Be sure to be diligent before installing anything to your computer.
Regardless, fill in your NASA Earthdata Login credentials and follow along!
# To get orginial data from NSIDC
#!wget --quiet https://n5eil01u.ecs.nsidc.org/SNOWEX/SNEX20_SWESARR_TB.001/2020.02.11/SNEX20_SWESARR_TB_GRMCT2_13801_20007_000_200211_XKKa225H_v01.csv -O {output_dir}/SNEX20_SWESARR_TB_GRMCT2_13801_20007_000_200211_XKuKa225H_v03.csv
Select an example radiometer data file¶
# use the file we downloaded with wget above
excel_path = f'{TUTORIAL_DATA}/SNEX20_SWESARR_TB_GRMCT2_13801_20007_000_200211_XKuKa225H_v03.csv'
# read data
radiom = pd.read_csv(excel_path)
Lets examine the radiometer data files content¶
radiom.hvplot.table(width=1100)
Plot radiometer data with hvplot¶
# create several series from pandas dataframe
lon_ser = pd.Series( radiom['Longitude (deg)'].to_list() * (3) )

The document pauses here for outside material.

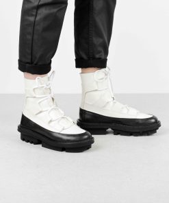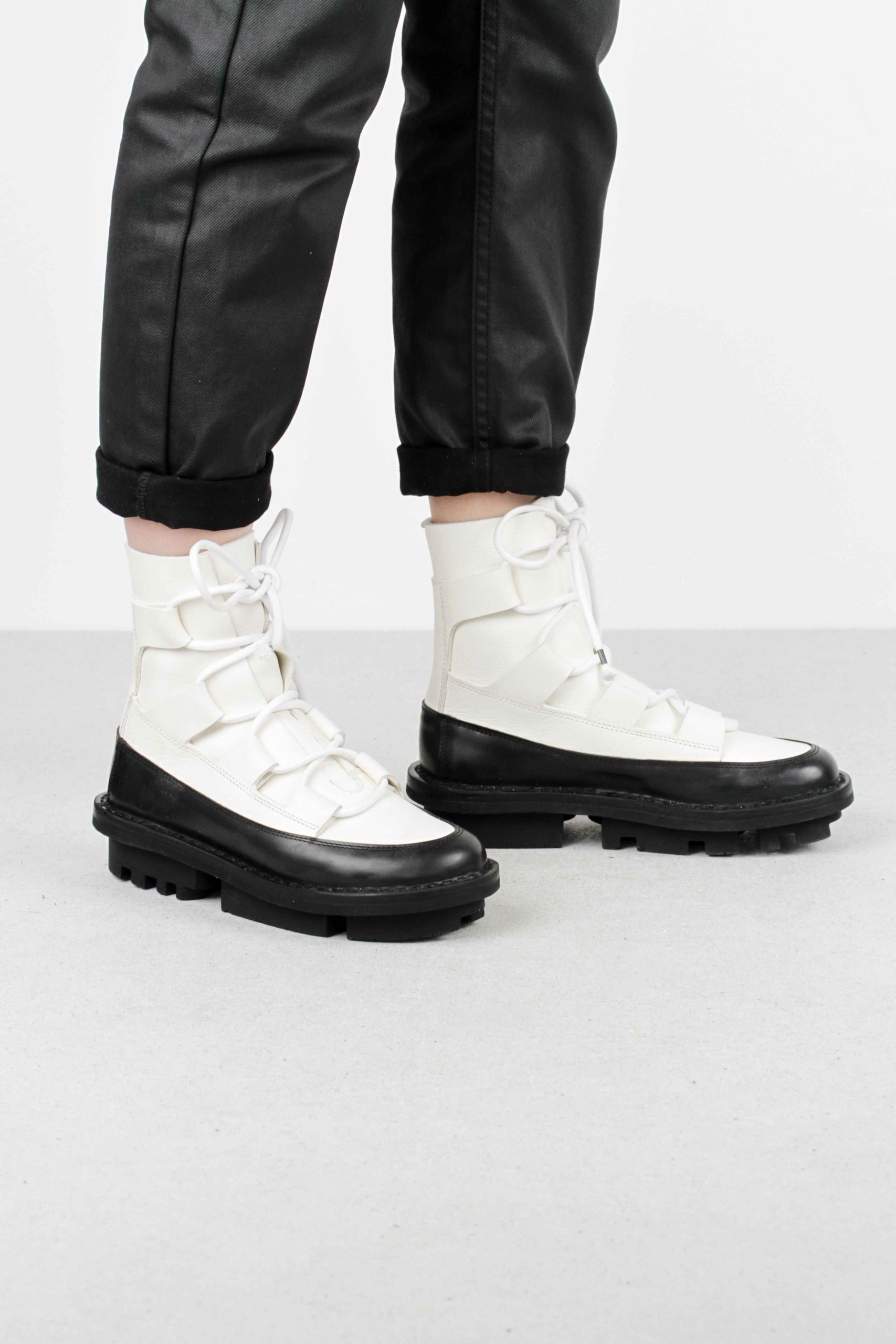 The rubber edge above the sole forms the foundation for a striking lacing design throwing wide loops.

lat_ser = pd.Series( radiom['Latitude (deg)'].to_list() * (3) )
tb_ser = pd.Series(
radiom['TB X (K)'].to_list() + radiom['TB K (K)'].to_list() +
radiom['TB Ka (K)'].to_list(), name="Tb"
)
# get series length, create IDs for plotting
sl = len(radiom['TB X (K)'])
id_ser = pd.Series(
['X-band']*sl + ['K-band']*sl + ['Ka-band']*sl, name="ID"
)
frame = {'Longitude (deg)' : lon_ser, 'Latitude (deg)' : lat_ser,
'TB' : tb_ser, 'ID' : id_ser}
radiom_p = pd.DataFrame(frame)
del sl, lon_ser, lat_ser, tb_ser, id_ser, frame
radiom_p.hvplot.points('Longitude (deg)', 'Latitude (deg)', groupby='ID', geo=True, color='TB', alpha=1,
tiles='ESRI', height=400, width=500)
🎉 |
Congratulations! You now know how to download and display a SWESARR radiometer dataset ! |
🎉 |
---|
SAR and Radiometer Together¶
The novelty of SWESARR lies in its colocated SAR and radiometer systems
Lets try filtering the SAR dataset and plotting both datasets together
For this session, I’ve made the code a function in
swesarr/util/helper.py
data_p, data_ser = join_sar_radiom(da, radiom)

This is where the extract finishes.